- [Your goal] Below is a listing; transcribe it exactly but without any images.

- [Given records]

********************

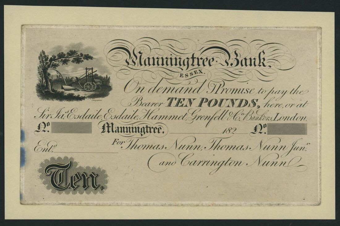 Manningtree Bank, proof £10, Manningtree, dated 182-, Manningtree Bank, Essex, not listed in Outing. However, Thomas Nunn, Thomas Nunn Junior and Carrington Nunn are mentioned in association with Manningtree & Colchester Bank, circa. 1829, however Outing states these are 'unseen'. Sir James Esdaile, Hammet, Grenfell & Co. are mentioned in Outing 2718, uniface,
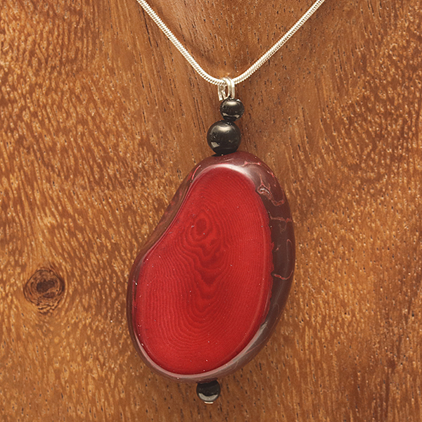 20" Sterling Silver Snake Chain, Sterling Silver Crimp bead and Ring, Red Coloured Copper Beading Wire, 3 Round Jett beads, 2 Red Coloured Small Round Tagua Seed beads, 1 Red Coloured Heart Shaped Tagua Seed Central bead. |
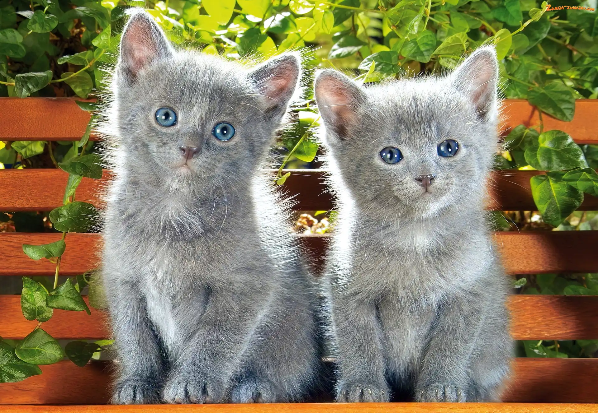 Zdjęcie: Szare, Ławka, Dwa, Kotki
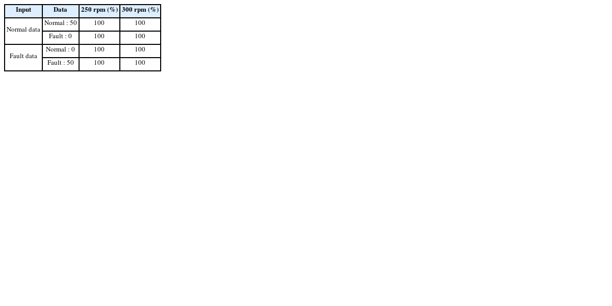 Table 8에 표기하였다. 분류기에 입력한 테스트 데이터는 정상 데이터 50개와 고장데이터 50개를 입력하였다. 분류기의 성능을 높이기 위하여 트레이닝 데이터와 테스트 데이터를 0에서 1 사이의 값으로 정규화(Normalize)하여 분류기에 입력하였다.
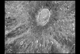 Esta imagen, tomada con la Cámara Avanzada para Inspecciones del Hubble, revela características tan pequeñas como la banda de 170 metros de ancho. El gran “ojo de buey” en la parte superior de la imagen es el cráter de impacto, causado por un asteroide hace unos 100 millones de años. Los senderos brillantes que se expanden desde el cráter se formaron por el material expulsado de la zona de impacto durante la colisión del asteroide.
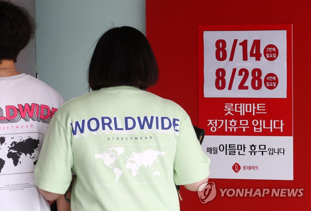 대형마트는 2012년 시행된 영업규제에 따라 월 2회 의무휴업을 해야 하며 자정부터 오전 10시까지는 영업할 수 없다.
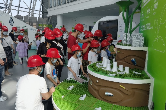 色彩明亮、充满设计感的厂区,从一开始就颠覆了小朋友和家长们对于垃圾处理厂的传统认知。在工作人员及讲解员的陪同下,首先来到了环保科普馆依次参观了“人与自然区”、“大气污染区”、“危机走廊”、“太阳能发电小屋”、“新能源区”、“能源未来沙盘”等板块。给小朋友和家长们带来震撼的地方是垃圾仓和拥有吨级承重的垃圾吊车。隔着厚厚的玻璃可以看到数万吨的垃圾像是一座山一样“躺”在大家脚下。在讲解员的讲解下,小朋友们不但学的津津有味,还积极举手发言,向讲解员提出自己的看法。

********************

- [Answer to this task]
 Manningtree Bank, proof £10, Manningtree, dated 182-, Manningtree Bank, Essex, not listed in Outing. However, Thomas Nunn, Thomas Nunn Junior and Carrington Nunn are mentioned in association with Manningtree & Colchester Bank, circa. 1829, however Outing states these are 'unseen'. Sir James Esdaile, Hammet, Grenfell & Co. are mentioned in Outing 2718, uniface,
 20" Sterling Silver Snake Chain, Sterling Silver Crimp bead and Ring, Red Coloured Copper Beading Wire, 3 Round Jett beads, 2 Red Coloured Small Round Tagua Seed beads, 1 Red Coloured Heart Shaped Tagua Seed Central bead. |
 Zdjęcie: Szare, Ławka, Dwa, Kotki
 Table 8에 표기하였다. 분류기에 입력한 테스트 데이터는 정상 데이터 50개와 고장데이터 50개를 입력하였다. 분류기의 성능을 높이기 위하여 트레이닝 데이터와 테스트 데이터를 0에서 1 사이의 값으로 정규화(Normalize)하여 분류기에 입력하였다.
 Esta imagen, tomada con la Cámara Avanzada para Inspecciones del Hubble, revela características tan pequeñas como la banda de 170 metros de ancho. El gran “ojo de buey” en la parte superior de la imagen es el cráter de impacto, causado por un asteroide hace unos 100 millones de años. Los senderos brillantes que se expanden desde el cráter se formaron por el material expulsado de la zona de impacto durante la colisión del asteroide.
 대형마트는 2012년 시행된 영업규제에 따라 월 2회 의무휴업을 해야 하며 자정부터 오전 10시까지는 영업할 수 없다.
 色彩明亮、充满设计感的厂区,从一开始就颠覆了小朋友和家长们对于垃圾处理厂的传统认知。在工作人员及讲解员的陪同下,首先来到了环保科普馆依次参观了“人与自然区”、“大气污染区”、“危机走廊”、“太阳能发电小屋”、“新能源区”、“能源未来沙盘”等板块。给小朋友和家长们带来震撼的地方是垃圾仓和拥有吨级承重的垃圾吊车。隔着厚厚的玻璃可以看到数万吨的垃圾像是一座山一样“躺”在大家脚下。在讲解员的讲解下,小朋友们不但学的津津有味,还积极举手发言,向讲解员提出自己的看法。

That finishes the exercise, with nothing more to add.